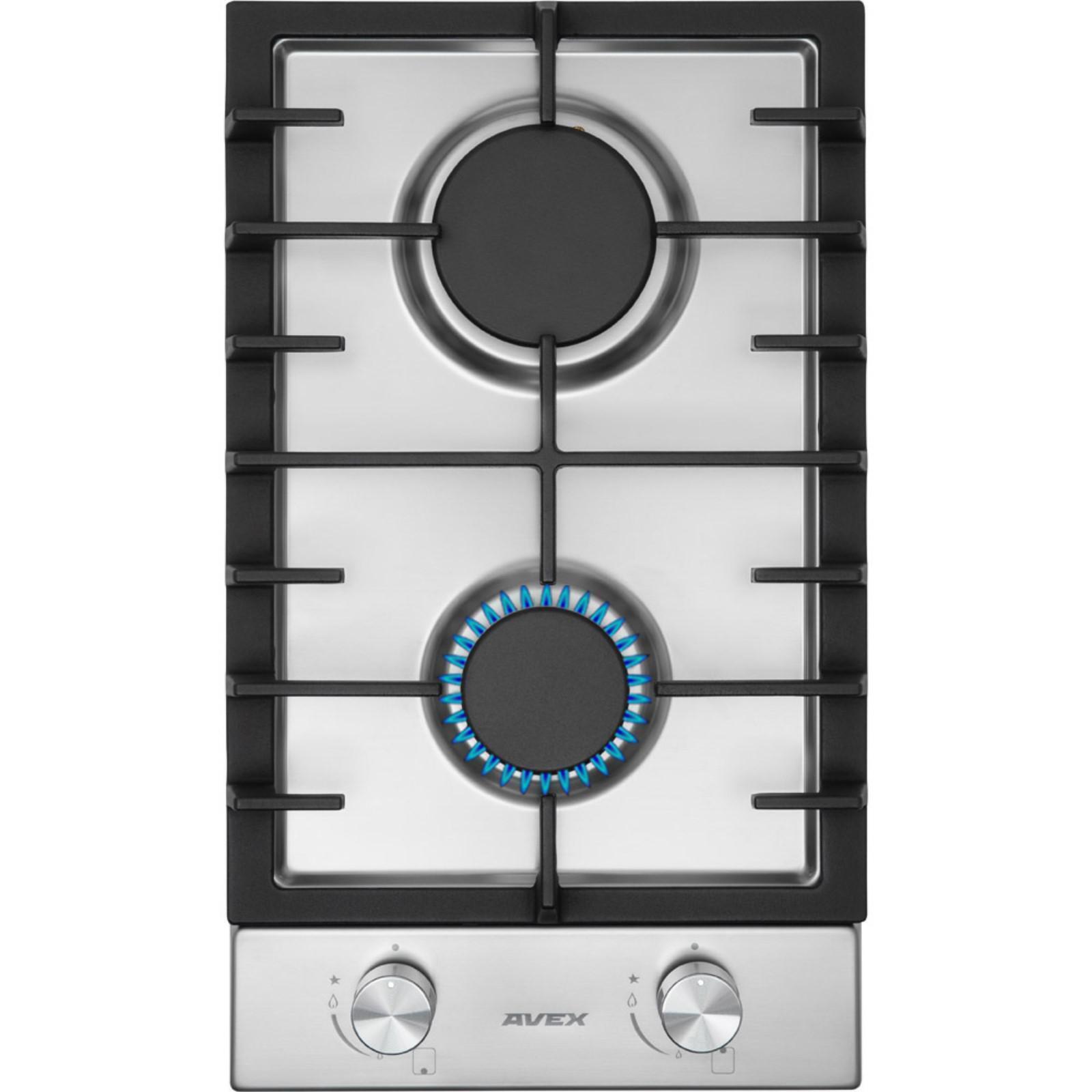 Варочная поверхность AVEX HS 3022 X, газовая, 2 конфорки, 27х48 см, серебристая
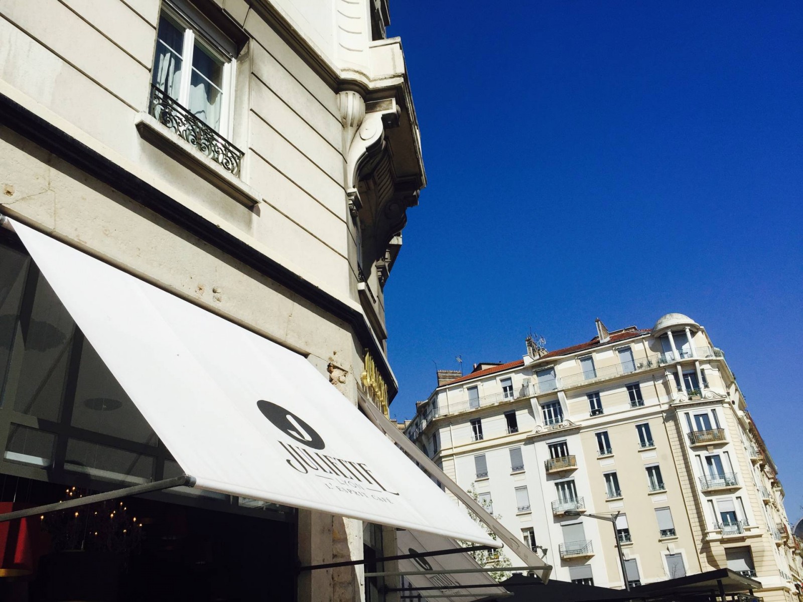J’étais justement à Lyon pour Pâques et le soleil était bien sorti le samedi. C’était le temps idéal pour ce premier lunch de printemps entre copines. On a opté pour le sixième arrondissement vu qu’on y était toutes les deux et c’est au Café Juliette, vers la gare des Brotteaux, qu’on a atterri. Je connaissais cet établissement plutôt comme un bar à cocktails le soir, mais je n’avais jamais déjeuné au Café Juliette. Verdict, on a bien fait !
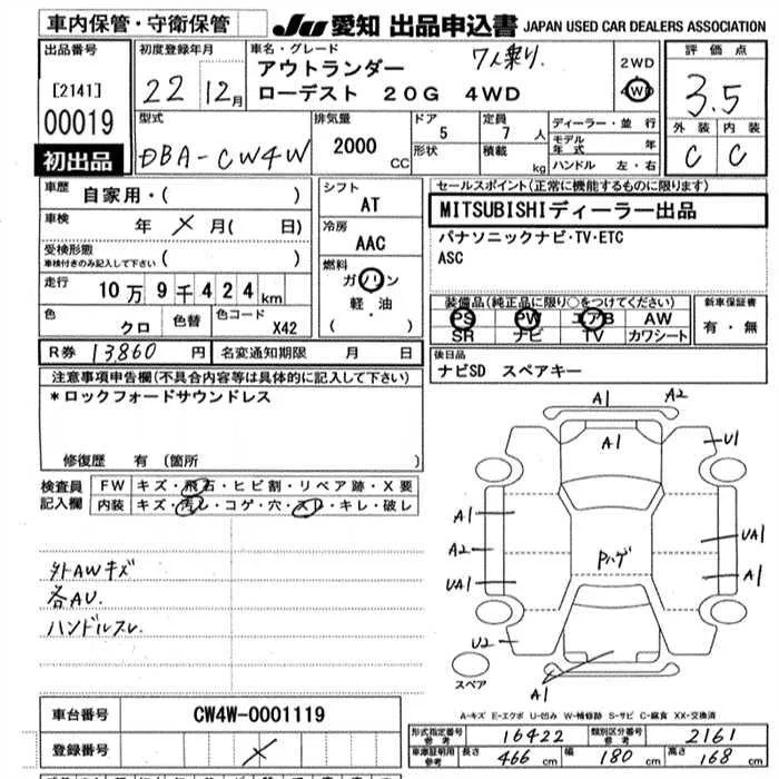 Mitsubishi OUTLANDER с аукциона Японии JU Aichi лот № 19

---

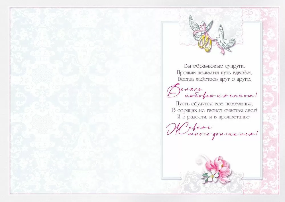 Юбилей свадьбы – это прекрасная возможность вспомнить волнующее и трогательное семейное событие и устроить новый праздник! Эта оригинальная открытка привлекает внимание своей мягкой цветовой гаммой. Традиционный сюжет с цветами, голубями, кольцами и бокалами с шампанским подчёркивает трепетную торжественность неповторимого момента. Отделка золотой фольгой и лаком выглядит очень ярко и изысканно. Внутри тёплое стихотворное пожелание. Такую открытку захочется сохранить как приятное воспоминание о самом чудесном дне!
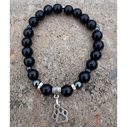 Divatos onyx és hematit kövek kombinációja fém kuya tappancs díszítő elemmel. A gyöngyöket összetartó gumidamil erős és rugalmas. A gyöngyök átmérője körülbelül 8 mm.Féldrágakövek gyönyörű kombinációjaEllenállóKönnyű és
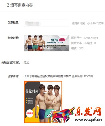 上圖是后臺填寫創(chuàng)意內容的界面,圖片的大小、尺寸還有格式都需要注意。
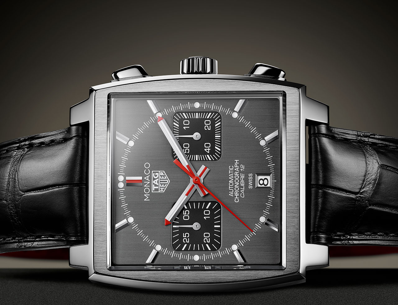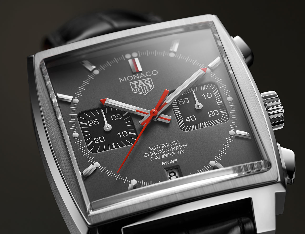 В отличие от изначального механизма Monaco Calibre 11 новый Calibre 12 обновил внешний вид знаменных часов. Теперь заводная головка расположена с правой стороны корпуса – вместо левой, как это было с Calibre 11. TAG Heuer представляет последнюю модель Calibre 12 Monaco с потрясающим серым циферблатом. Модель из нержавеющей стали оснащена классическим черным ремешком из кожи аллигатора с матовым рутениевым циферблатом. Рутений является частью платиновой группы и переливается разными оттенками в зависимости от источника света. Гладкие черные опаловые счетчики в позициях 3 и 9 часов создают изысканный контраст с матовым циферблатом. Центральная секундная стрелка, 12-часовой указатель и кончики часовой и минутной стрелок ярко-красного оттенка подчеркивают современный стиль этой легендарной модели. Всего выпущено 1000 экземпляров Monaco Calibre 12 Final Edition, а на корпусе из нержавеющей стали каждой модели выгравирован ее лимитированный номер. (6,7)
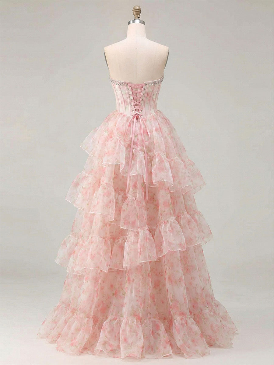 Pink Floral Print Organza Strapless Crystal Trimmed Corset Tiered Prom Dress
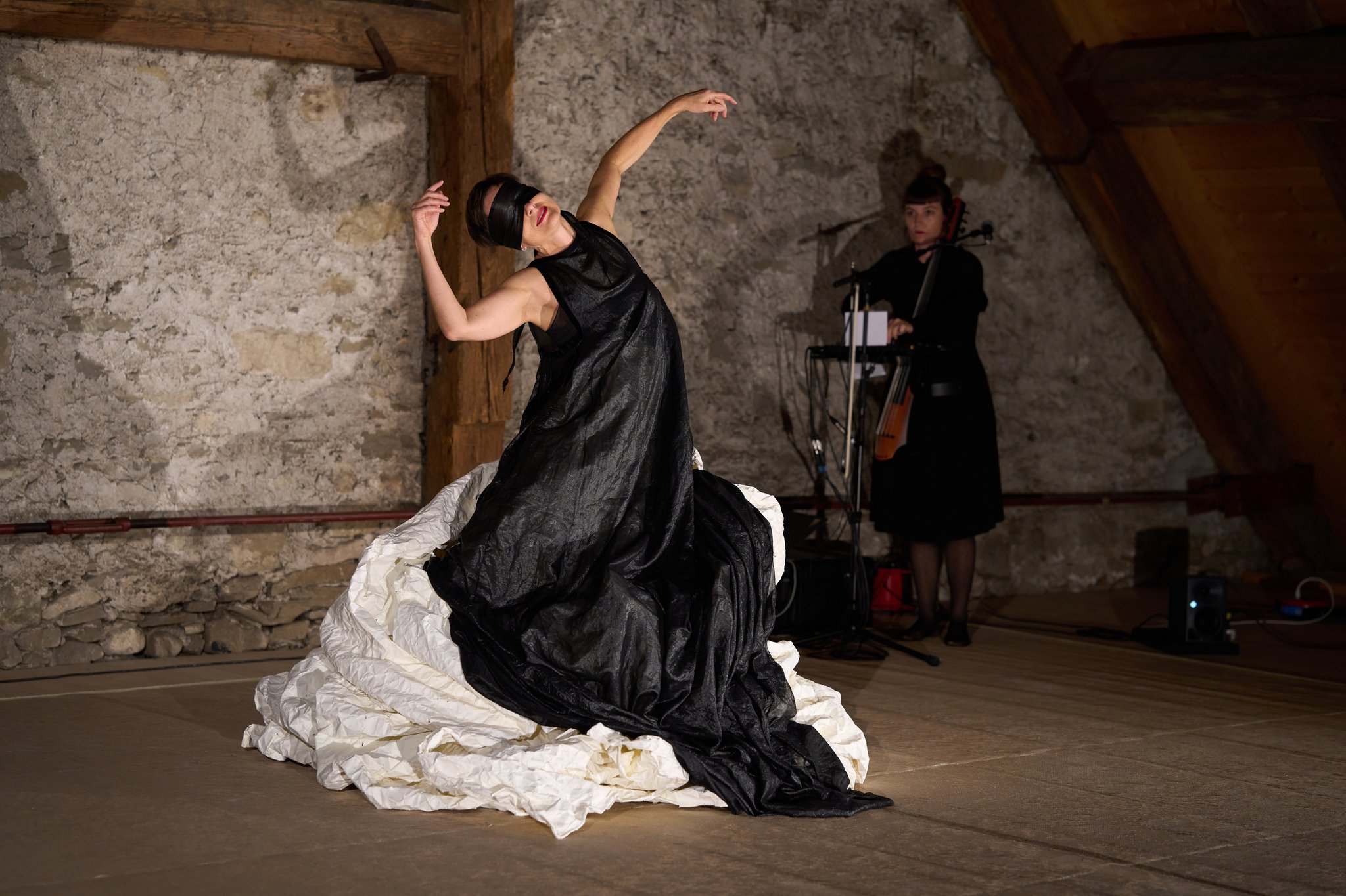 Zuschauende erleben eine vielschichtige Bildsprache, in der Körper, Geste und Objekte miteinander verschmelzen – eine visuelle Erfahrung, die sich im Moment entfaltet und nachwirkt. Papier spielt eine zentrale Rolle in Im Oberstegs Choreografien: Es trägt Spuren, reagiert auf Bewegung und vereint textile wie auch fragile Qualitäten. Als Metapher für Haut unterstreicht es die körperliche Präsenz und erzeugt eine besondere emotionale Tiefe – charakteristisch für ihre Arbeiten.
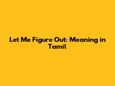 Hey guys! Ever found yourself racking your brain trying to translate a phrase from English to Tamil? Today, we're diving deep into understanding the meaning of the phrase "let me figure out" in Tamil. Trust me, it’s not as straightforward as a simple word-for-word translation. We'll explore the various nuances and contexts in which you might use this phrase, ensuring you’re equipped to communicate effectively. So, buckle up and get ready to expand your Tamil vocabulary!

> [EXERCISE DESCRIPTION]: Within the listing above, write out the stretch from the line with "В отличие от" through the line with "Pink Floral Print" exactly. Any pictures are to be left out.

> [RESPONSE FOR THIS EXERCISE]:
 В отличие от изначального механизма Monaco Calibre 11 новый Calibre 12 обновил внешний вид знаменных часов. Теперь заводная головка расположена с правой стороны корпуса – вместо левой, как это было с Calibre 11. TAG Heuer представляет последнюю модель Calibre 12 Monaco с потрясающим серым циферблатом. Модель из нержавеющей стали оснащена классическим черным ремешком из кожи аллигатора с матовым рутениевым циферблатом. Рутений является частью платиновой группы и переливается разными оттенками в зависимости от источника света. Гладкие черные опаловые счетчики в позициях 3 и 9 часов создают изысканный контраст с матовым циферблатом. Центральная секундная стрелка, 12-часовой указатель и кончики часовой и минутной стрелок ярко-красного оттенка подчеркивают современный стиль этой легендарной модели. Всего выпущено 1000 экземпляров Monaco Calibre 12 Final Edition, а на корпусе из нержавеющей стали каждой модели выгравирован ее лимитированный номер. (6,7)
 Pink Floral Print Organza Strapless Crystal Trimmed Corset Tiered Prom Dress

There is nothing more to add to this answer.